655 Print Binary Tree
655. Print Binary Tree
1. Question
Print a binary tree in an m*n 2D string array following these rules:
The row number
m
should be equal to the height of the given binary tree.The column number
n
should always be an odd number.The root node's value (in string format) should be put in the exactly middle of the first row it can be put. The column and the row where the root node belongs will separate the rest space into two parts (left-bottom part and right-bottom part). You should print the left subtree in the left-bottom part and print the right subtree in the right-bottom part. The left-bottom part and the right-bottom part should have the same size. Even if one subtree is none while the other is not, you don't need to print anything for the none subtree but still need to leave the space as large as that for the other subtree. However, if two subtrees are none, then you don't need to leave space for both of them.

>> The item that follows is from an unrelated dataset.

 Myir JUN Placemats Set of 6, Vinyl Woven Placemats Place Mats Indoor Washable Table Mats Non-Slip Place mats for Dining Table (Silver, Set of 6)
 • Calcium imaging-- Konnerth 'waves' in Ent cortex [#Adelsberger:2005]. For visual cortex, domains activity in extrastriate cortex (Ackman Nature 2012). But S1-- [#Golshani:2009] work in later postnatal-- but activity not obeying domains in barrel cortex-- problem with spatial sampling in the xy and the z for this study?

Each unused space should contain an empty string
""
.Print the subtrees following the same rules.
Example 1:
Input:
1
/
2
Output:
[["", "1", ""],
["2", "", ""]]
Example 2:
Input:
1
/ \
2 3
\
4
Output:
[["", "", "", "1", "", "", ""],
["", "2", "", "", "", "3", ""],
["", "", "4", "", "", "", ""]]
Example 3:
Input:
1
/ \
2 5
/
3
/
4
Output:
[["", "", "", "", "", "", "", "1", "", "", "", "", "", "", ""]

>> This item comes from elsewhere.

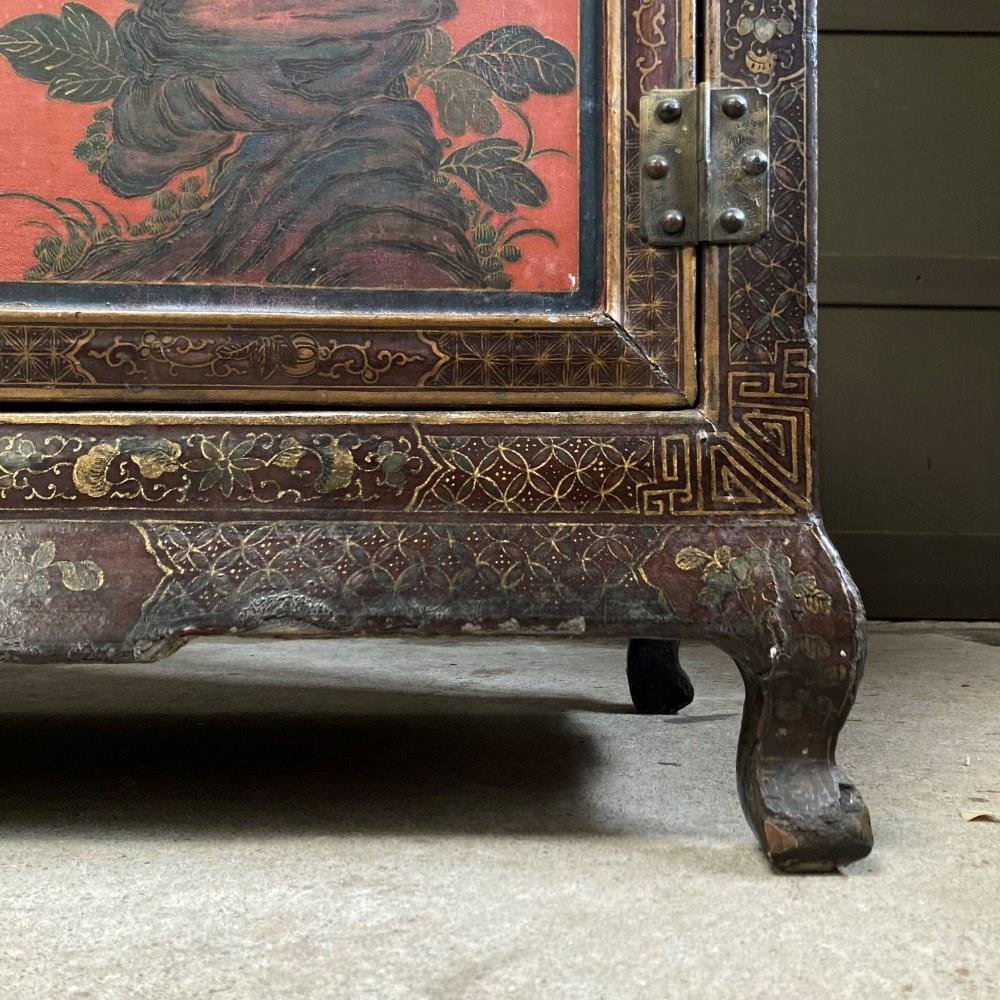An early 20th century chinoiserie lacquered and painted cabinet, comprising of a pair of drawers over a shelved two-door cupboard. Some chips and losses to surface, as to be expected, but these do not detract from the overall bold decorative effect. The top has watermarks and stains to it, possibly where vases of flowers have been placed upon it. The portrayals of birds and insects amongst branches of blossom do however make this piece particularly attractive.

["", "", "", "2", "", "", "", "", "", "", "", "5", "", "", ""]
["", "3", "", "", "", "", "", "", "", "", "", "", "", "", ""]

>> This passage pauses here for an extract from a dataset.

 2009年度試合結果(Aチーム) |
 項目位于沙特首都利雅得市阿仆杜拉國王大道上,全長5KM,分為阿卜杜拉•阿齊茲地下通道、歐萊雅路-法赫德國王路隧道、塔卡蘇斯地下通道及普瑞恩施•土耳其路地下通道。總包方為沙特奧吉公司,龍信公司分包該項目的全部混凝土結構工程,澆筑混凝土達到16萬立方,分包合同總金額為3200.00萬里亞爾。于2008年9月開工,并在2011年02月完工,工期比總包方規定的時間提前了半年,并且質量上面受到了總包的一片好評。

["4", "", "", "", "", "", "", "", "", "", "", "", "", "", ""]]
Note:The height of binary tree is in the range of [1, 10].
2. Implementation
(1) DFS
class Solution {
public List<List<String>> printTree(TreeNode root) {
List<List<String>> res = new ArrayList<>();
if (root == null) {
return res;
}
int rows = getHeight(root);
int cols = (1 << rows) - 1;
String[][] table = new String[rows][cols];
for (String[] row : table) {
Arrays.fill(row, "");
}
fillTable(root, 0, 0, cols - 1, table);
for (String[] row : table) {
res.add(Arrays.asList(row));
}
return res;
}
public void fillTable(TreeNode node, int row, int leftCol, int rightCol, String[][] table) {
if (node == null) {
return;
}
int mid = leftCol + (rightCol - leftCol) / 2;
table[row][mid] = node.val + "";
fillTable(node.left, row + 1, leftCol, mid - 1, table);
fillTable(node.right, row + 1, mid + 1, rightCol, table);
}
public int getHeight(TreeNode node) {
if (node == null) {
return 0;
}
return 1 + Math.max(getHeight(node.left), getHeight(node.right));
}
}
(1) BFS
class Solution {
class Cell {
TreeNode node;
int row;
int left;
int right;
public Cell(TreeNode node, int row, int left, int right) {
this.node = node;
this.row = row;
this.left = left;
this.right = right;
}
}
public List<List<String>> printTree(TreeNode root) {
List<List<String>> res = new ArrayList<>();
if (root == null) {
return res;
}
int rows = getHeight(root);
int cols = (1 << rows) - 1;
String[][] table = new String[rows][cols];
for (String[] row : table) {
Arrays.fill(row, "");
}
Queue<Cell> queue = new LinkedList<>();
queue.add(new Cell(root, 0, 0, cols - 1));
while (!queue.isEmpty()) {
Cell curCell = queue.remove();
int mid = curCell.left + (curCell.right - curCell.left) / 2;
table[curCell.row][mid] = curCell.node.val + "";
if (curCell.node.left != null) {
queue.add(new Cell(curCell.node.left, curCell.row + 1, curCell.left, mid - 1));
}
if (curCell.node.right != null) {
queue.add(new Cell(curCell.node.right, curCell.row + 1, mid + 1, curCell.right));
}
}
for (String[] row : table) {
res.add(Arrays.asList(row));
}
return res;
}
public int getHeight(TreeNode node) {
if (node == null) {
return 0;
}
return 1 + Math.max(getHeight(node.left), getHeight(node.right));
}
}
3. Time & Space Complexity
DFS: 时间复杂度O(h * 2^h), 空间复杂度O(h * 2^h)
BFS: 时间复杂度O(h * 2^h), 空间复杂度O(h * 2^h)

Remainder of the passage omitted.